I finished my dinner, even though I didn’t really want it. But I might get hungry later, and the last thing I wanted to do was annoy this man I didn’t remember knowing. I also didn’t relish the idea of coming down here alone in the middle of the night foraging for canned goods like an insomniac squirrel. However unsure I might be of Trevor, I liked the idea of being by myself in this big artificial castle even less.

Trevor took the plates and cups back to the kitchen and washed them with some water he must have drawn from the mysterious well. There were several medieval-looking pitchers of it in the industrial-sized fridge, pitchers which waiters and waitresses no doubt had used to refill iced tea. I stayed off to the side out of his way, trying to pick out a memory of anything I had ever personally experienced before today.

When I thought really hard, I got a fuzzy image of a white room and Trevor’s face. But then it blurred back into nothing but a bright white visual noise that made me dizzy. I gripped the edge of the stainless steel island for support.

“Are you okay?”

“F-fine. Just a little disoriented still.”

Trevor nodded. “Given the spill you took, I’m sure that’s quite normal.” He left the dishes to drain near the sink and joined me on the other side of the kitchen.

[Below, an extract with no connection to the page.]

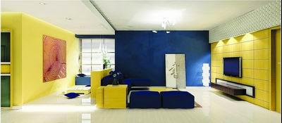 因為房間的面積本身很小,假如做出一個硬隔斷的話就顯得空間很局促,所以我們首先在地板上,選同種材質(zhì)和顏色的木地板,從地面上看兩者比較協(xié)調(diào),視覺效果比較統(tǒng)一。而在房間的顏色上,選擇黃和藍兩種互補的顏色,既對立又統(tǒng)一??蛷d的兩面墻用大面積的藍色和黃色,對比非常鮮明,在家具上,又用藍色沙發(fā)和黃色的茶幾、角柜交叉點綴??蛷d茶幾下用淺色地毯,既不和木地板沖突,又能劃分出客廳的主要范圍。休閑區(qū)域主要以黃色為主,和客廳的電視墻顏色互相呼應(yīng),達到最大程度的統(tǒng)一,地臺上只用了兩個藍色靠墊作為點綴,起到畫龍點睛的作用。

“You can explore the park tomorrow. Just don’t climb on any more pirate ships.” He gave me a handsome crooked smile that somehow still felt overwhelmingly ominous despite how hard he tried to make it endearing. “Would you like to see the first floor?”

“Sure.” What I really wanted to say was ‘not really’, but I didn’t want to piss off the only other person possibly for miles—the only one who knew how to navigate this fresh new hellscape.

On the bottom level, Trevor turned a crank. The drawbridge we’d walked across to get into the castle actually came up, closing us in for the night.

“You can never be too careful,” he said.

It had taken a lot of strength for him to turn the crank and raise the drawbridge. There was no way I could do that on my own. It might be easier to lower it, but that was just me guessing because it seemed like letting it down should be less strenuous than bringing it back up. I didn’t like the idea of him being the one who said whether or not I could leave the castle by a simple display of brute strength.

But that was life now, wasn’t it? In a civilized world, there might have been some level of equality, enforced by laws, but mostly enforced by practicality and technology. Now, everything was back to the law of the jungle. And brute strength was king. This wouldn’t be a world of happy equality, no matter what type of person Trevor turned out to be.